I decided to get it for a number of reasons. First, I was simply curious. I had potentially been exposed by a positive-testing coworker, and potentially from just living in New York, one of the epicenters of the virus. If I did have the antibodies and could support research and/or a vaccine, then I have an obligation.
Moreover, I have the privilege of health insurance and access to the test. Those were powerful reasons to get the test. And I know the tests aren’t 100 percent conclusive, but I assume I’ll take it again at some point, and together it may be conclusive down the road. Finally, after feeling a bit helpless for so long, it felt good to do something!

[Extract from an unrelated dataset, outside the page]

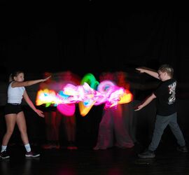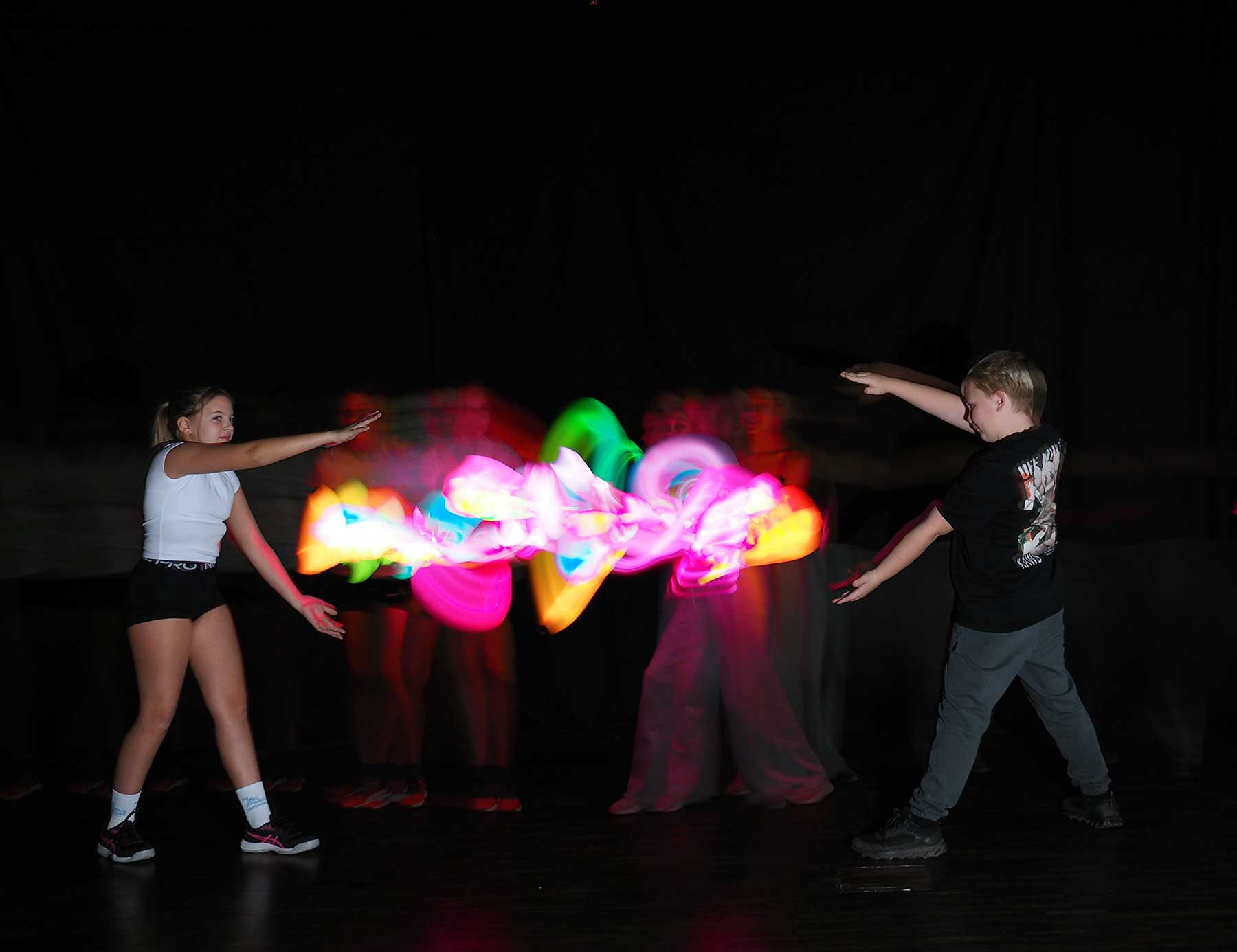 Am zweiten Tag wurde es besonders spektakulär: Mit LED-Jongliergeräten und Langzeitfotografie entstanden beeindruckende Lichtmalereien. Die Kinder erforschten, wie Bewegungen mit Licht sichtbar werden, entwickelten kleine Choreografien und hielten diese künstlerisch fest. Das Finale war eine kleine Präsentation der neuen Erlebnisse für die Familien und Freunde der jungen Lichtkünstler.

Since this interview, Alex received the results, and they were negative. This is some language that accompanied the results that may provide some helpful context:
Negative results do not rule out SARS-COV-2 infection, particularly in those who have been in contact with the virus. Follow-up testing with a molecular diagnostic should be considered to rule out infection in these individuals. Results from antibody testing should not be used as the sole basis to diagnose or exclude SARS-COV-2 infection or to inform infection status. Positive results may be due to past or present infection with non-SARS-COV-2 coronavirus strains such as coronavirus hku1, nl63, oc43, or 229e.
I asked Alex how she felt about the results.
I feel unsurprised, and maybe a little disappointed, but not really.
I tried imagining my response for each outcome and realized that since there was a chance the results were incorrect, that it would require a follow-up exam to confirm.
If I had ever experienced symptoms, AND tested positive, then it would be more likely that I had had it. But I still have some indication that I most likely haven't contracted it before, and I hope that my exam contributes to a larger body of knowledge about the virus in NYC. I'll discuss with my doctor about any next steps.